José’s body responded with a pathetic mirroring of what was happening to his psyche: his limbs pulled inward toward his trunk and he spent his days curled into a fetal position on the bed. Unable to tell day from night, he would awake from sleep and forget where he was. When he spoke, he did not know if anyone heard or answered. Sometimes he would speak anyway, bellowing because he could not hear the volume, pouring out the inexpressible loneliness of a mind locked in solitary confinement.
In such a state thoughts incurve, stirring up fears and suspicions.
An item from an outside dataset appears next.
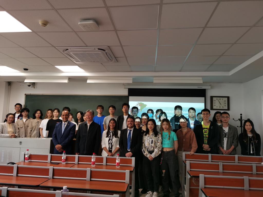 202157日下午,乌拉圭驻华使馆邀请乌拉圭历史老师潘慧敏(Georgina Pagola)、张哲海(Liber Di Paulo)(两位历史老师目前在上海大学就读)为北外​英国365集团公司官网西班牙语专业高年级员工作了题为“民族英雄阿蒂加斯:伟大的拉美解放者”的讲座。

José’s body coiled tighter and tighter on the bed, preparing for death in the same posture as his birth. Most of us on the staff would pass his room, pause for a moment at the door, shake our heads, and continue walking. What could we do?
Margaret faithfully visited José. Unwilling to watch him self-destruct, she felt she must attempt some kind of radical intervention to restore at least part of his sight. She waited anxiously for the infection in his eye to improve enough for her to schedule surgery.
In order to follow government rules, Margaret faced a nearly insurmountable problem. She must obtain “informed consent” forms for the surgery, but who would sign for José? No one could penetrate through his isolation to ask him for permission. After painstaking research, the hospital staff finally located a sister in Puerto Rico, and the police department there visited her with a surgery release form. The illiterate sister marked an X on a paper, and Margaret scheduled surgery at last, with faint hope of success.
José, of course, did not comprehend what was happening as he was moved to a stretcher and wheeled to the operating room. He lay passive throughout the eye surgery, feeling nothing. After a two-hour procedure, he was bandaged and sent back to his room to recover.
Margaret removed the bandages a few days later, an experience she will never forget. Although José had sensed some gross movement and had probably reasoned someone was trying to help him, nothing prepared him for the result. He got the use of one eye back and could see again. As his eye struggled against the bright light and slowly brought into focus the medical people gathered around the bed, the face that had not smiled in months cracked into a huge, toothless grin.
During that time of solitude, José’s brain had floated intact inside his skull, complete with memory, emotions, and instructions for directing his body. Suddenly human contact was restored. José made it known that he wanted his wheelchair parked at the door to his room all day long. He would sit there quietly, every few seconds glancing up and down the long corridors of the leprosarium. When he saw another person approaching, his face would break into that irrepressible smile.
José insists on coming to our small church every Sunday, even though he can hear nothing of the service. With stubby fingers, he can barely grasp the control knob of his electric wheelchair, and his narrow tunnel vision causes him to bump into objects up and down the hospital corridors. Other attenders have learned to greet him by stooping down, putting their faces directly in front of his, and waving. José’s wonderful smile breaks out, and sometimes his bellowing laugh. Although he cannot see well, and still cannot hear or feel, somehow he can sense the fellowship of the church. He has rejoined the community, and for him that is enough.